All tissue samples were collected and labeled in Hank’s balanced salt solution (HBSS; Sigma, St. Louis, MO, USA) supplemented with 20% fetal bovine serum (FBS; Gibco, Waltham, MA, USA) and 1% penicillin/streptomycin (Sigma). The samples were processed immediately following primary isolation and washed by Dulbecco’s phosphate-buffered saline (DPBS; Sigma). Next, the samples were minced into 1×1 mm pieces using a scalpel in a Dulbecco's modified Eagle medium/F-12 nutrient mixture (DMEM-F12; Sigma). The dissected tissue was incubated for 1 hour at 37°C in a 10 mL digest solution, containing trypsin/EDTA (2.5 BAEE units/mL, Sigma), collagenase I (2 mg/mL, Sigma), and DNAse I (0.1 mg/mL, Sigma) in HBSS. After incubation, the digested tissue was strained in DMEM-F12 supplemented with 20% FBS (Gibco) and 1% penicillin/streptomycin (Sigma) through a 40 μm nylon mesh cell strainer. The stromal cells were passed through the filter and collected. The epithelial glands that were kept in the strainer were back-washed and collected. The stromal and epithelial glands were cultured into 75 cm2 and 25 cm2 culture flasks, respectively. All cell cultures were incubated at 37°C in a humid atmosphere with 5% CO2. Once the cell populations were ~70% confluent, they were frozen and stored in liquid nitrogen until further usage.

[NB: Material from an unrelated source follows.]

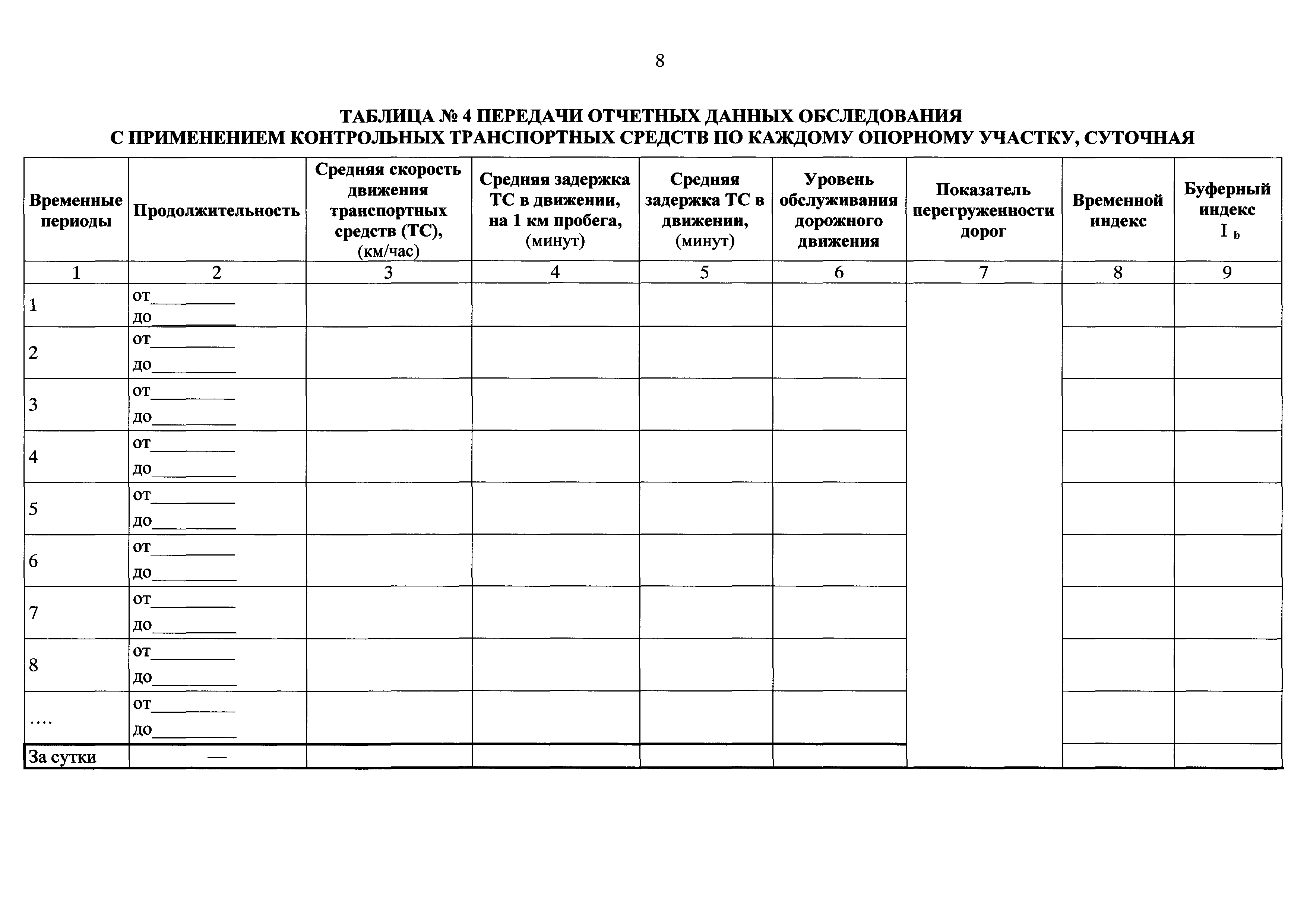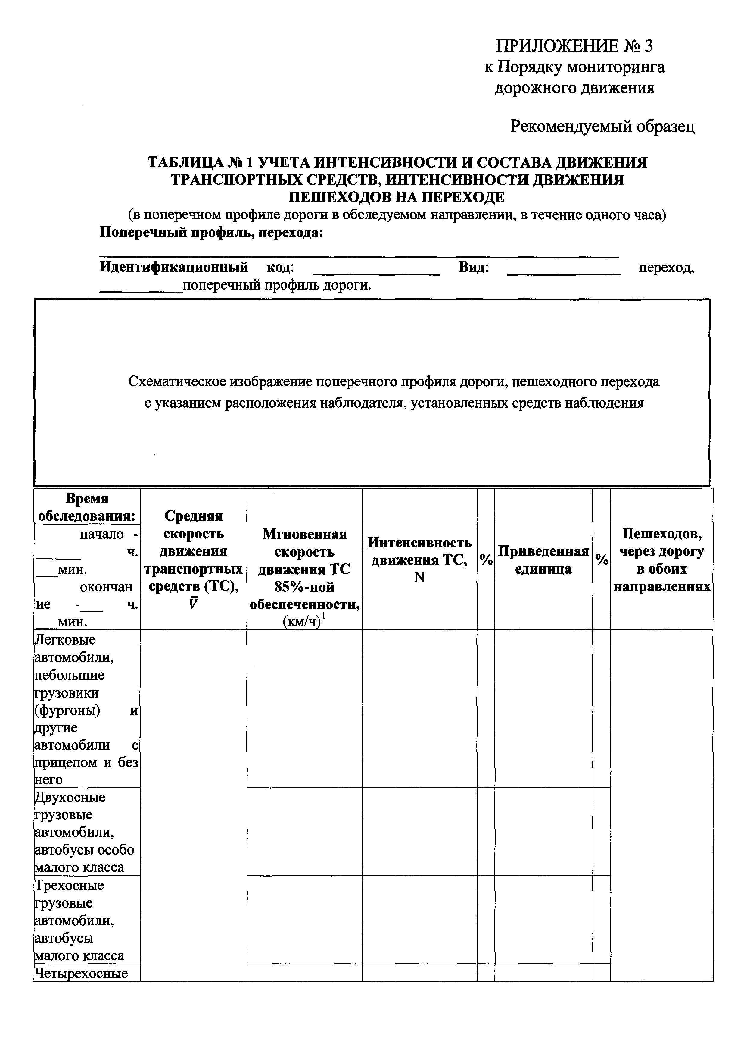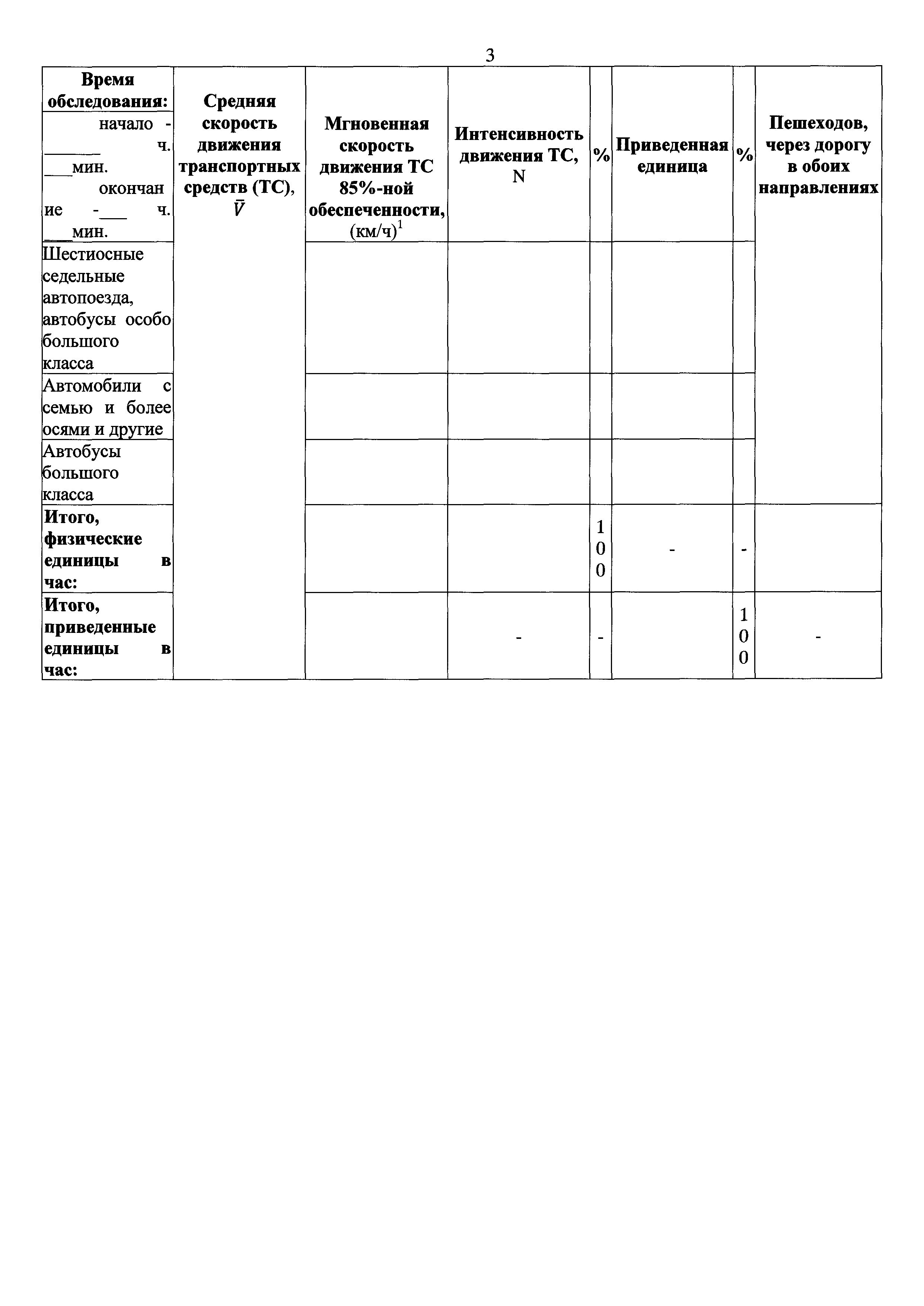 | Оглавление: | I. Общие положения II. Проведение обследования дорожного движения Приложение № 1. Рекомендуемые образцы таблиц передачи отчетных данных обследования Приложение № 2. Определение значений уровней обслуживания дорожного движения Приложение № 3. Рекомендуемые образцы учета интенсивности, состава и параметров движения Приложение № 4. Рекомендуемый образец задания на проведение обследования с применением контрольных транспортных средств |

2. Three-dimensional endometrial cell co-culture
1) Three-dimensional cultures using fibrin-agarose scaffolds
Approximately 1.0 ×106 stromal cells were suspended in 32.7 μL of culture media, and 400 μL of human plasma was added to the mixture. In all steps of the 3D endometrial cell co-culture, 1 nM estrogen and 0.902 nM progesterone were added to the DMEM-F12 medium without phenol red, which was supplemented with 10% FBS (Gibco) and 1% penicillin/streptomycin (Sigma) and used as the culture medium. To prevent fibrinolysis, 3.8 μL of tranexamic acid (Amchafibrin; Rottapharm, Monza, Italy) was added. After that, 25 μL of melted type VII agarose (2% in DPBS) was added to achieve a final concentration of 0.1%. Finally, 38.5 μL of 100 mM CaCl2 was added to start fibrin polymerization. The mixture (total volume of 500 μL) was instantly transferred to a 24-well cell culture plate and incubated at 37°C to solidify. After 20 minutes, 500 mL of culture medium was added. Twenty-four hours after solidification, 3.0 ×105 epithelial cells were seeded on top of the scaffold. This was a modified version of Alaminos' 3D rabbit cornea culture protocol [40]. Figure 1A presents a schematic diagram of the 3D cultures performed using the fibrin-agarose scaffold.
Figure 1.
Diagrammatic scheme of the development of the three-dimensional (3D) endometrial culture systems. (A) A 3D matrix consists of stromal cells, human plasma, tranexamic acid (TA), CaCl2, and agarose. After 24 hours, epithelial cells are seeded on the top of the 3D matrix to form a monolayer. (B) Human endometrial stromal cells (hESCs) cultured on the polyglycolic acid (PGA) scaffold. After 24 hours, human endometrial epithelial cells (hEECs) are seeded on the top of the scaffold.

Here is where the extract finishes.